[[ Data in this exercise open ]]

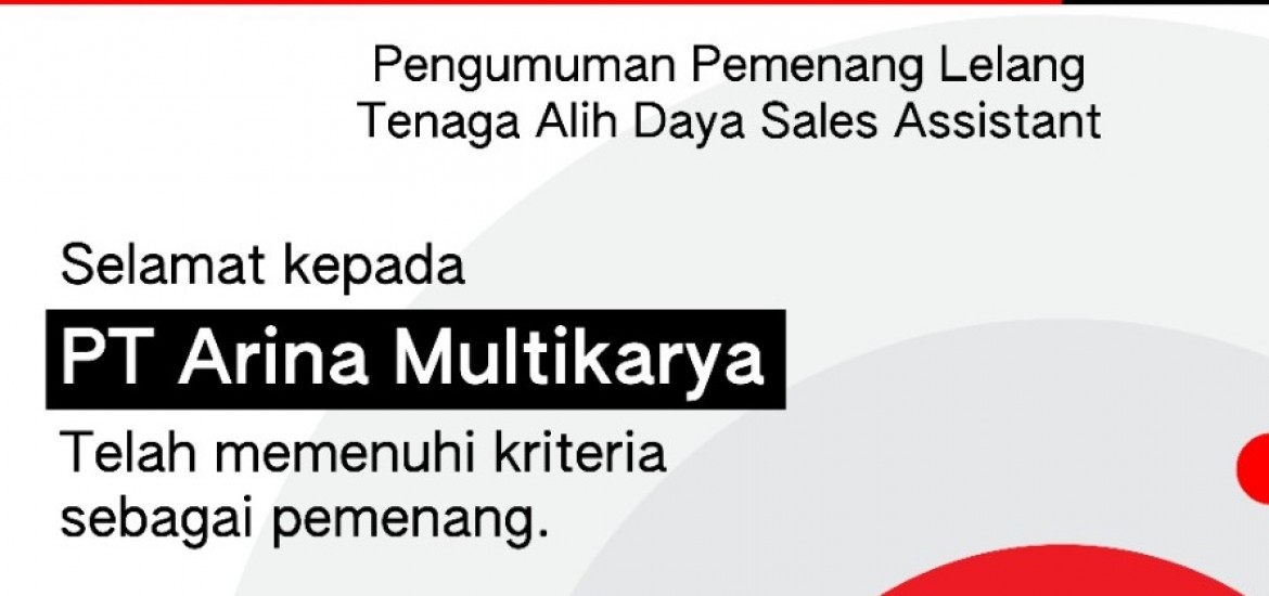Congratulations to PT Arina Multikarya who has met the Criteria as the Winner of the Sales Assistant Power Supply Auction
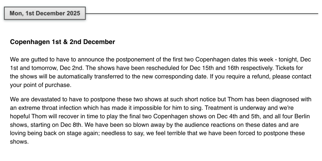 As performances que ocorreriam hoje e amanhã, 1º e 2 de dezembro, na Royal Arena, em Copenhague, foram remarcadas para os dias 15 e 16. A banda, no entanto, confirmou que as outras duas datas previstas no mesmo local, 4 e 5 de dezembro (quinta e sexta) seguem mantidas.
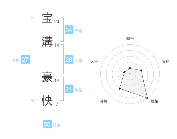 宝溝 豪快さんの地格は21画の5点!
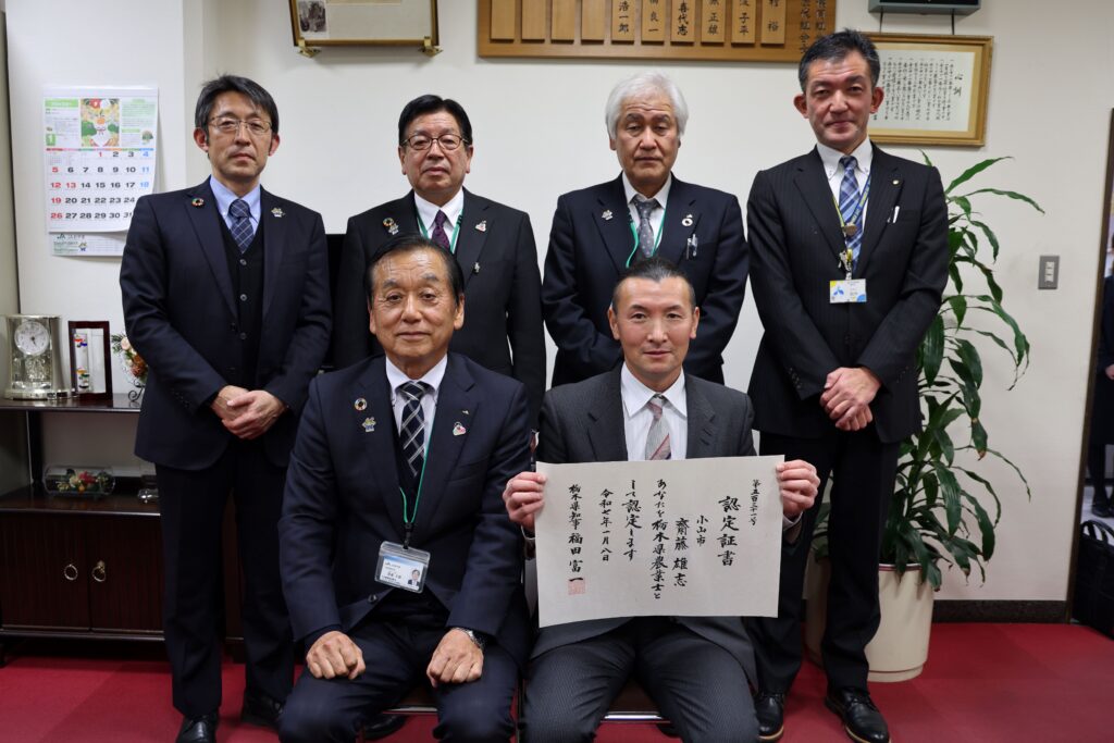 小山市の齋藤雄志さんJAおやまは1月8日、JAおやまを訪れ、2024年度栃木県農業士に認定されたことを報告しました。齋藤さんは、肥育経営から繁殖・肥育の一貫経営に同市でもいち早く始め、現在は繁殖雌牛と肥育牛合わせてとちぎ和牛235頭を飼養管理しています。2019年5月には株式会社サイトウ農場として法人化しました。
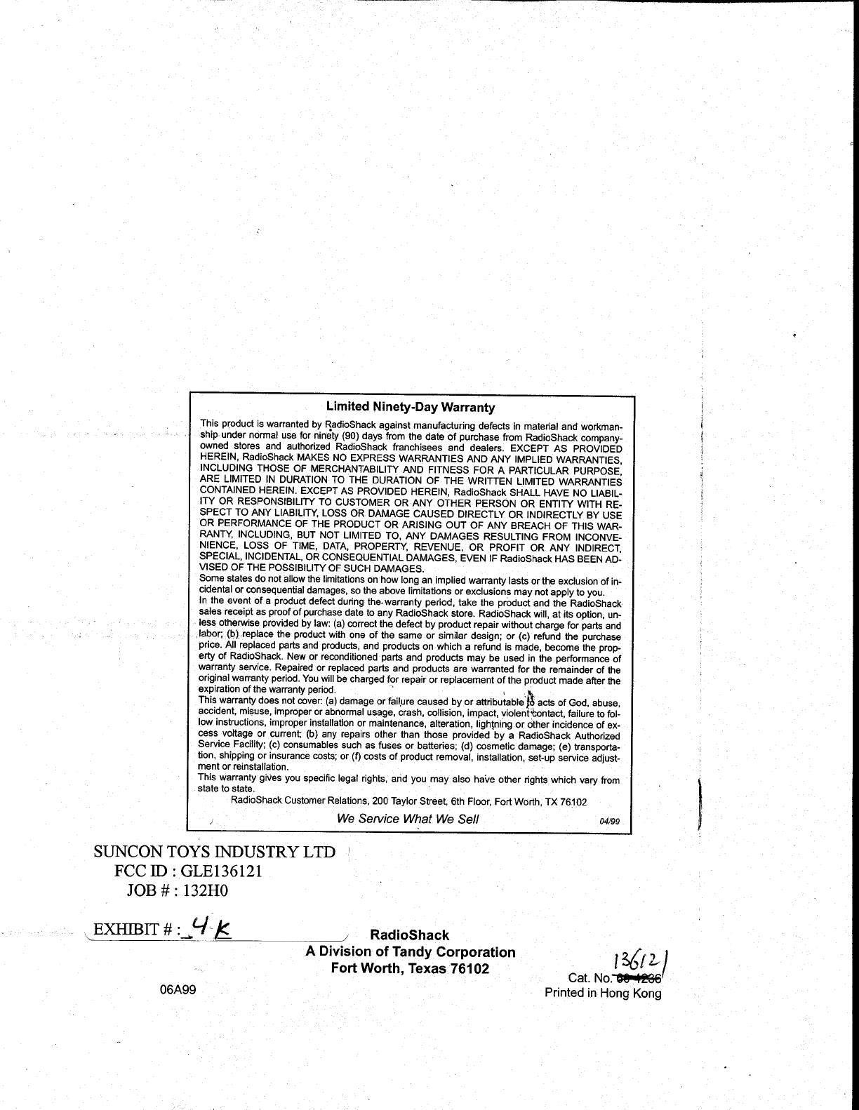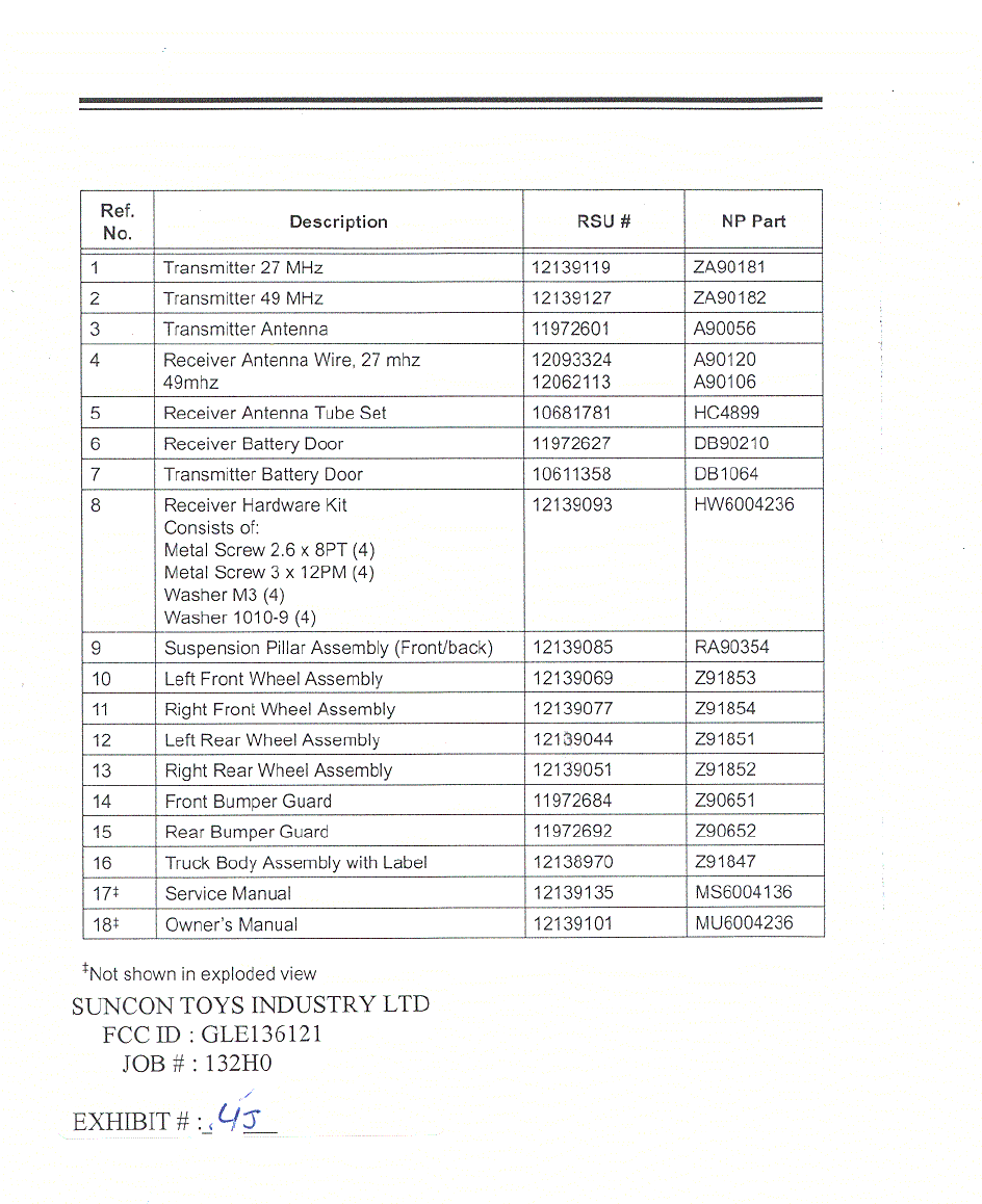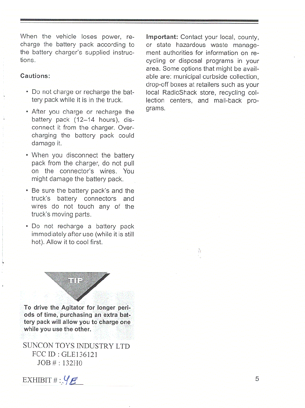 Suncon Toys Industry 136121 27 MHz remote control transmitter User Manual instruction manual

[[ Data in this exercise closed ]]
[[ Data in this exercise open ]]

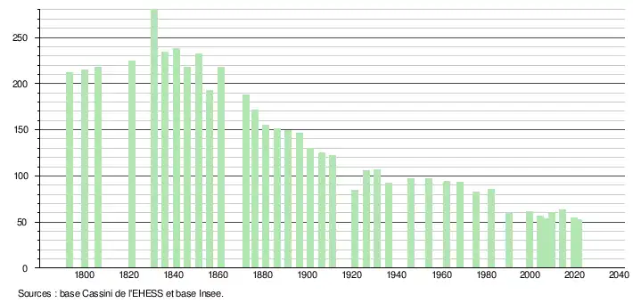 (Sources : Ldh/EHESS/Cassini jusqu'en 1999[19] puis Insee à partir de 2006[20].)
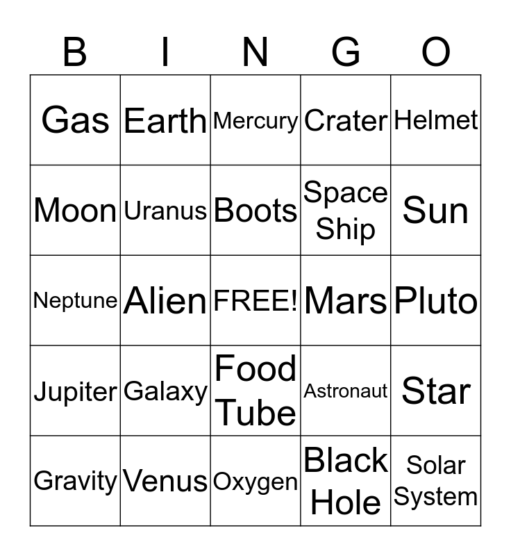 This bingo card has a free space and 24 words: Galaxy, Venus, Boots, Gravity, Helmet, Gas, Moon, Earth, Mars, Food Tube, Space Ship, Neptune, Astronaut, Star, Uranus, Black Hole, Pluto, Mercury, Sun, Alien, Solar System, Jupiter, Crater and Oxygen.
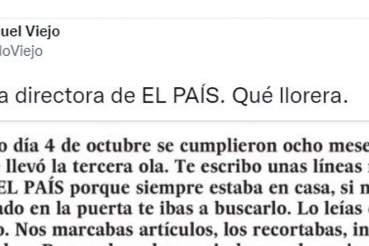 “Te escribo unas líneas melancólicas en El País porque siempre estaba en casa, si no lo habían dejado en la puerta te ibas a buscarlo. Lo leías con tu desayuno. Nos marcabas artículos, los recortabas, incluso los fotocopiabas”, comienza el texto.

[[ Data in this exercise closed ]]

Work instructions
In the records above, everything from the line with "Congratulations to PT" down to the line with "小山市の齋藤雄志さんJAおや" is to be set down exactly, both ends included, with no pictures and no other lines.

Completed task
Congratulations to PT Arina Multikarya who has met the Criteria as the Winner of the Sales Assistant Power Supply Auction
 As performances que ocorreriam hoje e amanhã, 1º e 2 de dezembro, na Royal Arena, em Copenhague, foram remarcadas para os dias 15 e 16. A banda, no entanto, confirmou que as outras duas datas previstas no mesmo local, 4 e 5 de dezembro (quinta e sexta) seguem mantidas.
 宝溝 豪快さんの地格は21画の5点!
 小山市の齋藤雄志さんJAおやまは1月8日、JAおやまを訪れ、2024年度栃木県農業士に認定されたことを報告しました。齋藤さんは、肥育経営から繁殖・肥育の一貫経営に同市でもいち早く始め、現在は繁殖雌牛と肥育牛合わせてとちぎ和牛235頭を飼養管理しています。2019年5月には株式会社サイトウ農場として法人化しました。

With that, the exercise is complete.